As someone who grew up on the rural Eastern Shore, with all kinds of cross-cutting influences, social and political, Northam might have an interesting story to tell about how he overcame a sense of obliviousness toward the most odious racial stereotypes of our times, to carrying the black vote overwhelmingly in his latest election and repaying the honor in kind with right-minded action once in office. But doing all this and remaining an effective governor at the same time is too heavy a lift to handle. Not even a figure as adept as LBJ could have pulled off such an assignment. Our governor needs to go.

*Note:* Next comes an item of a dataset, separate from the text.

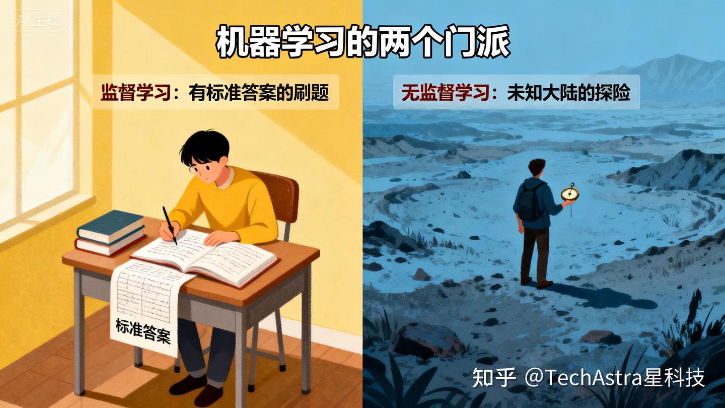 如果说监督学习是拿着标准答案刷题,那么无监督学习 (Unsupervised Learning) 就像是在一片广漠无垠、没有任何地图或向导的未知大陆上进行探索。

So what about the next-up scandal in Richmond, involving unproven and unrefuted accusations of sexual assault against Justin Fairfax, Virginia’s African-American lieutenant governor, who stands to ascend to the top job if Northam quits? In the wake of the Brent Kavanaugh episode, it behooves Virginia Democrats to treat the accusations against Fairfax seriously — with his accuser stepping forward publicly on Wednesday. (A California college professor who had a sexual encounter with Fairfax in 2004, she doesn’t seem to be an immediately discreditable figure; let’s just leave it there for now.) I try to stick to a rule whenever sizing up explosive allegations against public figures, and I think it’s a good rule: Isolated claims, without corroboration or physical evidence, don’t count for much. Multiple accusations, coming from people who step forward independently and without obvious axes to grind, deserve honest scrutiny. Even if he doesn’t become governor tomorrow or the day after that, Fairfax has some questions to answer. But the lieutenant governor’s predicament is leagues apart from the governor’s. So we shall see.

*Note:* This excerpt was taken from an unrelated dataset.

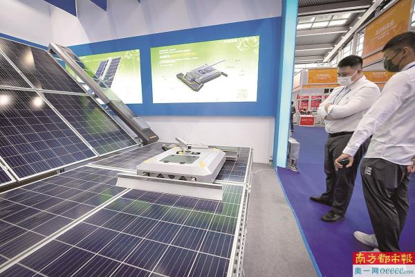 2022年11月15日,在第二十四届高交会上,参观者了解一款智能光伏清洁机器人。 新华社资料图

(Late update: now there’s an admission by Attorney General Mark Herring that as a 19-year-old college student, he donned blackface at a party while imitating rapper Kurtis Blow. Snap reaction: there’s a huge difference between the sort of stupid hijinks that Herring has copped to — you can include Northam’s silly little King of Pop routine in the same category — and engaging in KKK cosplay. It’s not moral relativism to draw reasonable distinctions between different acts of less-than-optimal behavior.)

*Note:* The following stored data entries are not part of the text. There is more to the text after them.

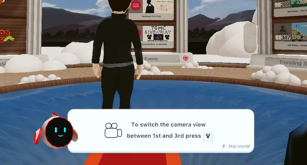 이렇게 게임을 하다가 튕기면(게스트 상태) 다시 접속하면 이어서 게임을 플레이할 수 있습니다. 게스트 계정이라고 할지라도 튕기면 다시 새롭게 해야 할 줄 알았는데, 그건 아니라서 다행입니다. 지금은 디센트럴랜드 매장 내의 삼성 매장을 찾아가 보고 있습니다.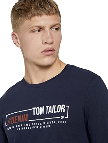 TOM TAILOR Denim Maglia a Maniche Lunghe in Cotone Biologico, Uomo, Blu (Sky Captain Blue 10668), XL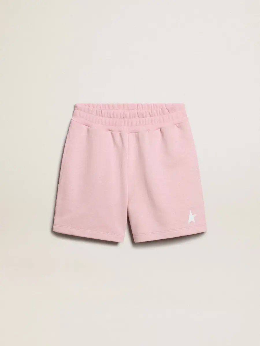 Una colección con un espíritu informal pero versátil: inspirada en los años setenta, tiene un atractivo vintage atemporal, adecuado para cualquier ocasión o look. Estos pantalones cortos de algodón puro en color rosa presentan una estrella blanca en la parte delantera, dos bolsillos laterales y un bolsillo trasero.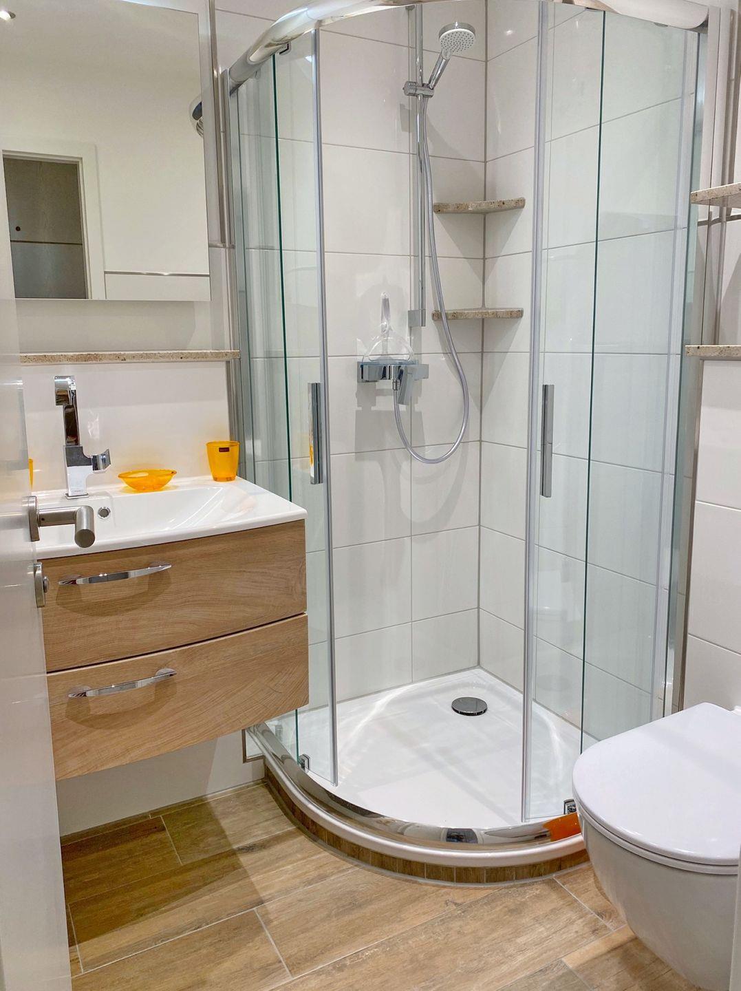 Weiter finden Sie ein modernes Duschbad mit WC und Waschtisch.

In the meantime, if there’s a group of folks that has less-than-zero standing to expound on the controversies surrounding the governor and lieutenant governor, it’s the electeds and party pros on the other side of the political aisle, that same group of hypocrites and yes-men (and yes, they are almost all men) who sit around and say and do nothing about the presidential trash fire that consumes the country and world on a daily basis. It’s easy to argue that Democrats, in their near-unanimous belief that Gov. Northam should resign, are overreacting to sins that are 35 years old, sins that show only that no one is immune to stupid and insensitive behavior. Yet the question keeps returning to what we’re willing to excuse. Malignant racism? Swaggering self-regard and tolerance for abuse? If that’s the standard we want to live by, there’s a party that has the bases covered. You could even say it is the “base.” Democrats are right to keep their thoughts attuned to the rest of society — among whom a higher standard for public conduct might still matter for something.